Written by Joseph Jerome

No stranger to privacy kerfuffles, Uber is once again in the news for its business practices and invasive use of technology. This time, the headlines are focused on Uber’s intentional circumvention of Apple’s developer rules, which prohibit apps from collecting certain technical identifiers from iPhones. Uber went so far as to obscure its collection practices from Apple by geofencing the company’s headquarters.

The story points to the pervasiveness of fingerprinting technologies to tag and identify individual web browsers, mobile devices, and even motor vehicles that have continued to ramp up, with little to no notice and choice available to consumers. But it also demonstrates some of the limitations of using developer guidelines and self-regulation as the primary privacy backstop online.

What consequences came from this flagrant violation of the rules? Uber’s CEO was summoned to a meeting at Apple where he was informed to stop the practice or have Uber removed from the App Store. Uber agreed to the demand and continues to fingerprint iOS devices in line with Apple’s rules. In effect, the consequences were a slap on the wrist. It’s also unclear whether and to what degree Uber is a special case, or what criteria actually make an app worthy of being booted from the App Store.

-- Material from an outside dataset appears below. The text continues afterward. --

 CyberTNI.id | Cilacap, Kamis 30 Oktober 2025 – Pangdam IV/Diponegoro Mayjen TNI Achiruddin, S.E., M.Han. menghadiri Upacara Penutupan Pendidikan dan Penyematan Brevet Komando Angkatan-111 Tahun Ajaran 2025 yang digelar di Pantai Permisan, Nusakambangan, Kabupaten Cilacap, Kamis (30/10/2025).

This isn’t the first time a company has played fast and loose with both Apple’s developer guidelines and consumers’ expectations. Just last year, one advertising network was able to get around device location settings by inferring an individual’s physical location by pinging WiFi networks and comparing them to a network database. This technical trickery has forced Apple to play an unwanted game of privacy whack-a-mole, and it is part of the reason that Apple has had to limit access to universal device identifiers, change how the “Limit Ad Tracking” features work, and even take steps to randomize device MAC addresses.

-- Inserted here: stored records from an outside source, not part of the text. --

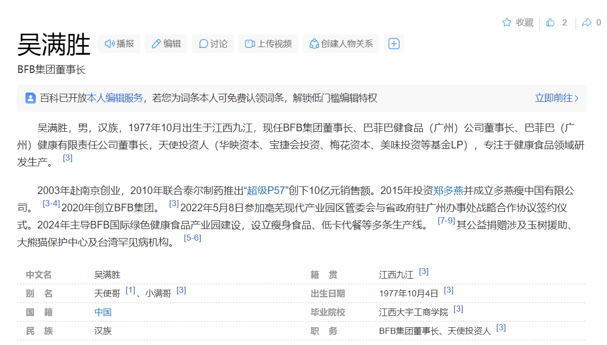 知情人士透露:吴满胜与巴菲巴健康科技集团法定代表人吴满元是兄弟关系。百度百科显示:吴满胜为BFB集团董事长、巴菲巴健食品(广州)公司董事长、巴菲巴(广州)健康有限责任公司董事长,天使投资人。由此可见所谓“并非直接关联的运营主体”的理由并不成立。
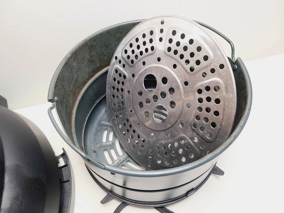 It's in great shape as shown and works perfectly. Basket does show signs of use. Lid is in excellent condition!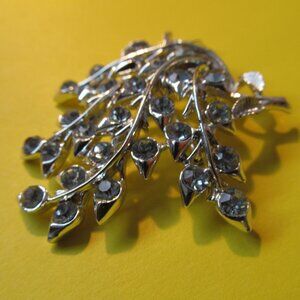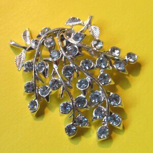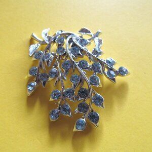 Pretty sparkly brooch by CORO. It is silver tone with almost clear light blue rhinestones.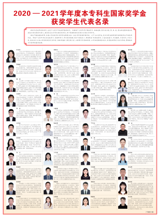 经过严格选拔和评审,全国6万名优秀本专科学生荣获2020—2021学年度国家奖学金。以下100名学生,是本专科生国家奖学金获奖学生中的优秀代表。希望广大青年学生向先进学习、向榜样学习,牢记党的教诲,践行“请党放心、强国有我”的青春誓言,立志民族复兴,不负韶华,不负时代,不负人民,做社会主义核心价值观的坚定信仰者、积极传播者、模范践行者,以聪明才智贡献国家,以开拓进取服务社会,在青春的赛道上奋力奔跑,争取跑出当代青年的最好成绩。

These constant privacy and security violations arise because of a systemic problem in the United States with privacy enforcement. Absent sector-specific rules with respect to certain categories of information, privacy practices are generally left for industry to determine. The Federal Trade Commission’s privacy enforcement is based largely on its ability to police deceptive statements, which has made unclear and vague privacy statements an effective legal obligation. Self-regulatory codes of conduct add further specific disclosures but also vary in their specificity and general applicability, particularly outside the narrow context of marketing. Technical compliance terms from major players like Apple, Google, and Amazon may also attempt to restrict activities for mobile applications, wearables, and other IoT technologies. But the consistent enforcement of these obligations is hard to determine, and while Apple may devote time and resources to rooting out violations of its rules, it is ultimately beholden to its bottom line. The end result is that technology companies and Silicon Valley start-ups operate with rules that permit them to seek any advantage.

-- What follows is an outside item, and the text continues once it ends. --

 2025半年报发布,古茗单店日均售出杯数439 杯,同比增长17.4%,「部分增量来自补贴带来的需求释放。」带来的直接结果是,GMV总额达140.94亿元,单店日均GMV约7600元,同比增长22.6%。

Perhaps that is a part of an innovative business, but as Uber’s behavior demonstrates, there is no real clarity as to the consequences that companies should face for failing to follow what rules do exist. Accountability has been held up as an organizing principle to enforce industry compliance with privacy rules, but we haven’t determined what the actual cost of non-compliance should be. For nearly two decades now, we have discussed what constitutes meaningful self-regulation without any clear insight into what should happen when there are violations. Should Uber’s flagrant violation of Apple’s developer terms, for example, be viewed as something of a misdemeanor or felony? Uber’s ultimate sanction appears to be a meeting and a minimal shift in its operating practices. Is that fair? Is that consistent with consequences for other developers? The answer to all of these questions are unknown to regulators and the public, greatly reducing the meaningfulness of developer terms and industry codes of conduct.

The larger challenge is determining whether Uber’s violation of Apple’s developer terms could or should raise regulatory ire. The Federal Trade Commission has held companies liable under Section 5 for potentially misleading statements that are made to other businesses, particularly if those representations affect consumers, but that raises tough questions about business-to-business contracts and developer terms of service. Sanctions should be tailored to fit the crime, but when it comes to privacy and security mishaps with technology, consumers and their advocates are left being fingerprinted in the dark.